If A = {a,b,c,d} mention the type of relations on A given below, which of them are equivalence relations?

(i) {(a, a), (b, b)}

(ii) {(a, a), (b, b), (c, c), (d, d)}

(iii) {(a, b), (b, a), (b, d), (d, b)}

(iv) {(b, c), (b, d), (c, d)}

(v) {(a, a), (b, b), (c, c), (d, d), (a, d), (a, c), (d, a), (c, a), (c, d), (d, c)}

Solution:

(i) Symmetric and transitive but not reflexive.

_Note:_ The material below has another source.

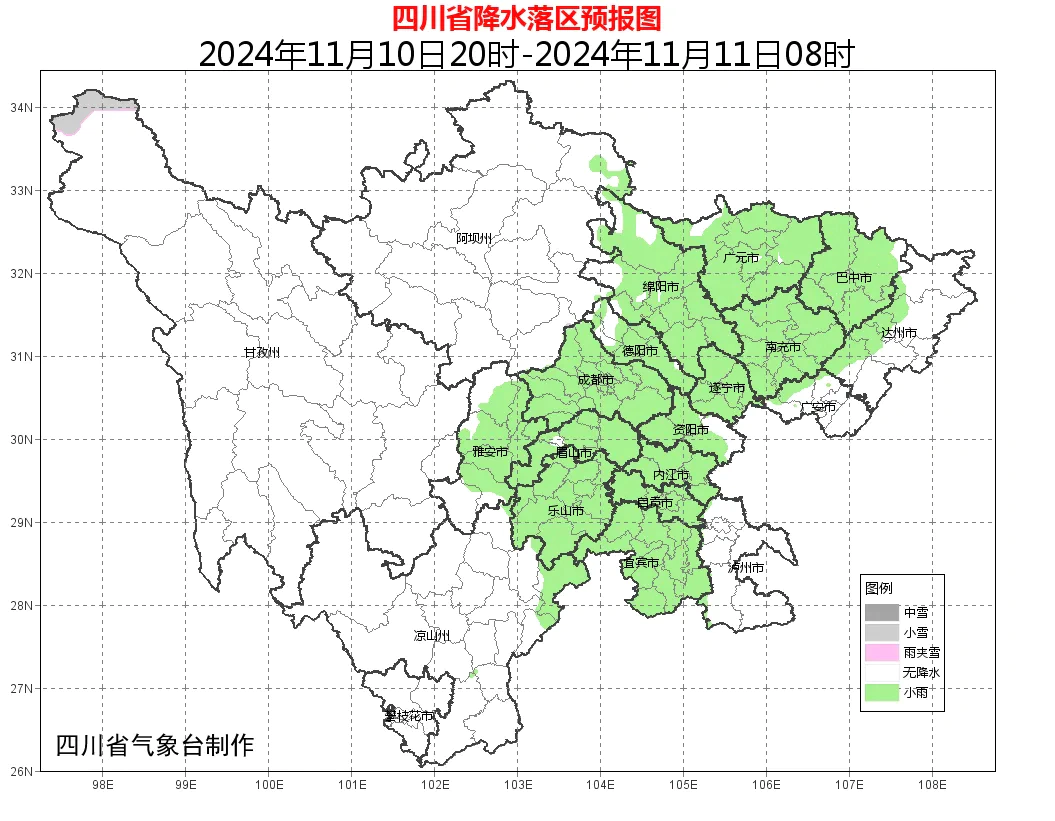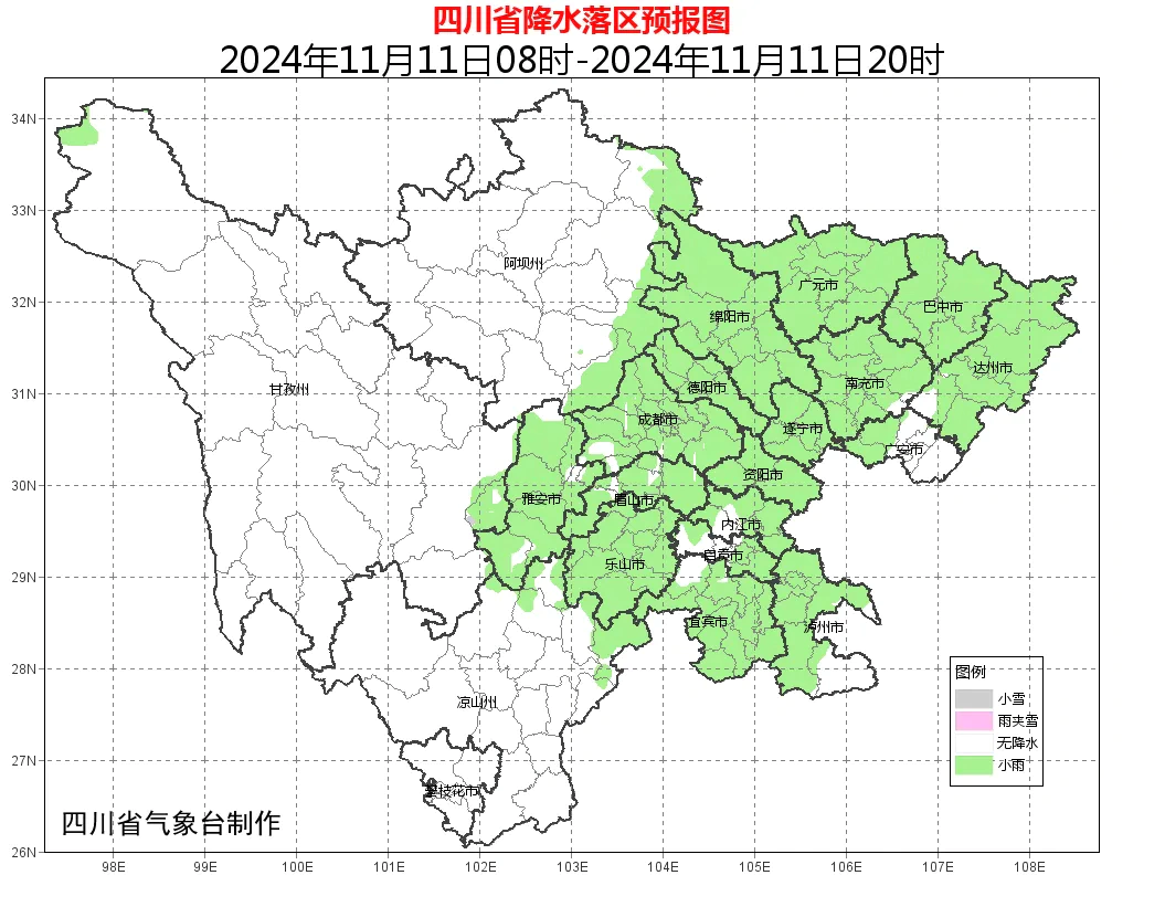 明天白天:盆地各市阴天有小雨或零星小雨;川西高原和攀西地区以晴间多云天气为主,其中凉山州东北部局地有分散阵雨。

(ii) Reflexive, symmetric as well as transitive. Hence it is an equivalence relation.

(iii) Only symmetric

(iv) Only transitive

(v) Reflexive, symmetric and transitive. Hence it is an equivalence relation.

Question 2.

Write the following relations in tabular form and determine their type.

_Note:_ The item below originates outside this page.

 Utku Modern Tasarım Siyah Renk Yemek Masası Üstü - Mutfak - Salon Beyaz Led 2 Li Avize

(i) R = {(x, y) : 2x – y = 0] on A = {1,2,3,…, 13}

(ii) R = {(x, y) : x divides y} on A = {1,2,3,4,5,6}

(iii) R = {(x, y) : x divides 2 – y} on A = {1,2,3,4,5}

(iv) R = {(x, y) : y ≤, x ≤, 4} on A = {1,2,3,4,5}.

Solution:

(i) R = {(x, y) : 2x- y = 0} on A

= {(x, y) : y = 2x} on A

= {(1, 2), (2, 4), (3, 6), (4, 8), (5, 10), (6, 12)}

R is neither reflexive nor symmetric nor transitive.

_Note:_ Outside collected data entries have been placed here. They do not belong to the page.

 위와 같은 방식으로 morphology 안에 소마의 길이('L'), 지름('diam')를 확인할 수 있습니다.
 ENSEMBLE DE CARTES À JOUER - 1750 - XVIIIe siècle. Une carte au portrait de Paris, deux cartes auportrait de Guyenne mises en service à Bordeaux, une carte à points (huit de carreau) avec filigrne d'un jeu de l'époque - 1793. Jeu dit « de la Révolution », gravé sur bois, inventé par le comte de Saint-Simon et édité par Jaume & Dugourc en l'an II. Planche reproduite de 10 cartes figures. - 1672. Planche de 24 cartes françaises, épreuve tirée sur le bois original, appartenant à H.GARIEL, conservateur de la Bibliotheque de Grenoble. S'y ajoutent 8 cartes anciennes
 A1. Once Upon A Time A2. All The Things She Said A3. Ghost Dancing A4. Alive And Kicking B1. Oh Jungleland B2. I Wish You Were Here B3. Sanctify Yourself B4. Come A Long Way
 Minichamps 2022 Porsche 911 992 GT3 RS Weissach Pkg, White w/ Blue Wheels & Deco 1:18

(ii) R = {(1, 1), (1, 2), (1, 3), (1, 4), (1,5), (1, 6), (2, 2), (2, 4), (2, 6), (3, 3), (3, 6), (4, 4), (5,5), (6, 6)}

R is reflexive transitive but not symmetric.

(iii) R = {(x, y) : x divides 2 – y} on A

= {1, 2, 3, 4, 5}

= {(x, y) : 2-y is a multiple of x}

= {(1, 1), (1, 2), (1, 3), (1, 4), (1, 5), (2, 2), (2, 4), (3, 2), (3, 5), (4, 2), (5, 2)}

R is neither reflexive nor symmetric nor transitive.

(iv) R = {(x, y) : y ≤ x ≤ 4} on A

= {1, 2, 3, 4, 5}

= {(1, 1), (2, 1), (2, 2), (3, 1), (3, 2), (3, 3), (4, 1), (4, 2), (4, 3), (4, 4)}

R is neither reflexive nor symmetric but transitive.

Question 3.

Test whether the following relations are reflexive, symmetric or transitive on the sets specified.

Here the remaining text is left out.